There has been much talk about transit-oriented development. In my neck of the woods, the Camden and Liverpool councils have been collaborating in a way that I wish we would see in this House—more collaboration among different jurisdictions. They have recently released a new plan for the town centre there. I guess it will be a form of transit-oriented development around the train station. I am pleased to see that in that plan is plenty of open space, green corridors and public facilities. A lot about nimbyism this and that was coming from Opposition members. It is a difficult concept for them to get their heads around, but there is a difference between good development and bad development. My record shows that, in my time on council, I opposed certain developments because they were bad developments. I have also supported good developments. An example of that is in my colleague Minister Chanthivong's neck of the woods, in Edmondson Park. The Ed Square town centre is a fantastic example of a public place with good amenity, space and some medium- and high-density housing.

Mr Tim James: No high-rise hell like Chris Minns said?

Mr NATHAN HAGARTY: No, there is high-rise there. The member need not worry about that. There is high-rise there, and there will be high-rise at Leppington. One of my issues is that we should be building really good transit-oriented development not just 40 and 50 kilometres from the city, but also five, 10 and 15 kilometres from the city. Everyone should be taking a fair share, and along with that should come a fair share of infrastructure. On the topic of Edmondson Park, in early January last year I was joined there by the Premier and the then member for Macquarie Fields, who is still the member for Macquarie Fields and also Minister for about half a dozen different things.

Mr Anoulack Chanthivong: Last time I checked!

Mr NATHAN HAGARTY: He still is the member. I can confirm that for the House. But he has also taken on a number of additional portfolios.
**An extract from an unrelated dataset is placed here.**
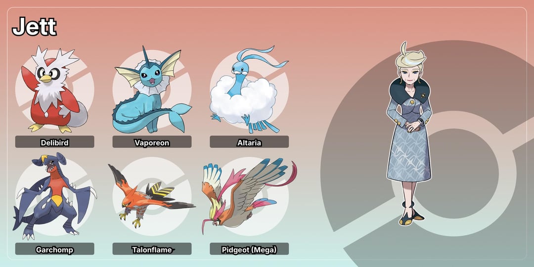 Jett: Her name in multiple languages is related to jets and airplanes so flying types are a given. Also threw in a couple Pokemon that mention jets because why not. Talonflame and Pidgeot are fast flying types, Garchomp is described like a jet sometimes, Vaporeon is the water jet Pokemon, Delibird seems like a Pokemon that a ceo who tries to look good for the people would have and Altaria just seems to fit her a bit.

Edmondson Park is where we announced the reform to stamp duty for first home buyers. I am pleased to see that that is going very well. I know that it is making a massive difference for young families and home buyers in south-western Sydney. It is making all the difference to whether they can get their foot in the door of what is becoming more and more an out-of-reach housing market.
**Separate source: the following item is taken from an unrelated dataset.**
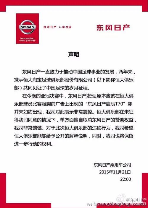 恒大2015亚冠决赛"换胸"与东风日产对簿公堂,曾称违约是合约一部分

But, of course, there is more to do. We have spoken about transit-oriented development, and the statistics speak for themselves. It will deliver somewhere in the range of 40,000 to 50,000 new homes across those eight accelerated precincts and will deliver an additional 138,000 homes around a further 31 stations over 15 years. While we are on the topic of building around good transport nodes, I note that we had an address from the governor of Tokyo. If you want to do it right, go to Tokyo and see how they do it there, because they do it well.